GM to sell Allison Transmission

General Motors Corp. on Thursday said it reached a deal to sell its Allison Transmission unit for $5.6 billion to private-equity firms Carlyle Group and Onex Corp., sending the automaker's shares to the highest level in 2-1/2 years.

GM had said in January that it was looking to sell Allison, which makes transmissions for commercial trucks, buses and military vehicles, but the negotiated price was more than some Wall Street analysts had expected.

GM shares reacted by rising more than 2 percent, hitting their highest level since January 2005, on speculation that the automaker could use the proceeds from the Allison sale to fund a cost-cutting deal on health care in upcoming talks with the United Auto Workers union.

GM said the sale would include almost all of the Allison Transmission unit's assets, including seven manufacturing plants in Indianapolis and the unit's worldwide distribution network.

The sale is expected to close as soon as the third quarter, GM said, provided the deal is approved by GM's industrial union and regulators.

The conclusion of the sale to the two private equity firms comes just as GM is heading into a crucial round of contract talks with the United Auto Workers union in which the automaker will be seeking concessions to lower its labor costs.

The Allison agreement also extends a string of asset sales by GM over the past two years as it restructures and cuts costs, including a deal to spin off a majority stake in its former finance arm GMAC to private equity firm Cerberus Capital Management.
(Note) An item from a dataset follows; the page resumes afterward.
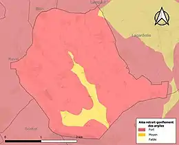 La commune est vulnérable au risque de mouvements de terrains constitué principalement du retrait-gonflement des sols argileux[22]. Cet aléa est susceptible d'engendrer des dommages importants aux bâtiments en cas d’alternance de périodes de sécheresse et de pluie. La totalité de la commune est en aléa moyen ou fort (76,3 % au niveau départemental et 48,5 % au niveau national). Sur les 85 bâtiments dénombrés sur la commune en 2019, 85 sont en aléa moyen ou fort, soit 100 %, à comparer aux 90 % au niveau départemental et 54 % au niveau national. Une cartographie de l'exposition du territoire national au retrait gonflement des sols argileux est disponible sur le site du BRGM[23],[Carte 3].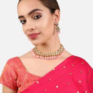 24CT Gold-Plated Marathi Kundan Design Pink Pearl Beaded,

"This is another important step to strengthen our liquidity and provide resources to support our heavy investments in new products and technology," GM Chief Executive Rick Wagoner said in a statement.

JP Morgan analyst Himanshu Patel said in a note for clients that the sale agreement valued Allison at almost nine times trailing cash flow, a higher multiple than he had expected.

Patel said GM could use the sale of the unit to fund a one-time payment to set up a trust fund for union workers' health care, similar to a deal negotiated by Goodyear Tire & Rubber Co. and the United Steel Workers union.

"We suspect GM would look to sell this highly profitable unit to line up financing for a (Goodyear)-style health-care deal," he said.

Shares of GM, the world's No. 2 automaker by volume behind Toyota Motor Corp., have gained more than 29 percent this month on building expectations that the company could win sweeping changes to its contract with the UAW that would lower hourly labor costs.

GM said it would retain a Baltimore, Maryland, plant now under Allison that makes conventional and hybrid transmissions for the automaker's pickup trucks and sport-utility vehicles.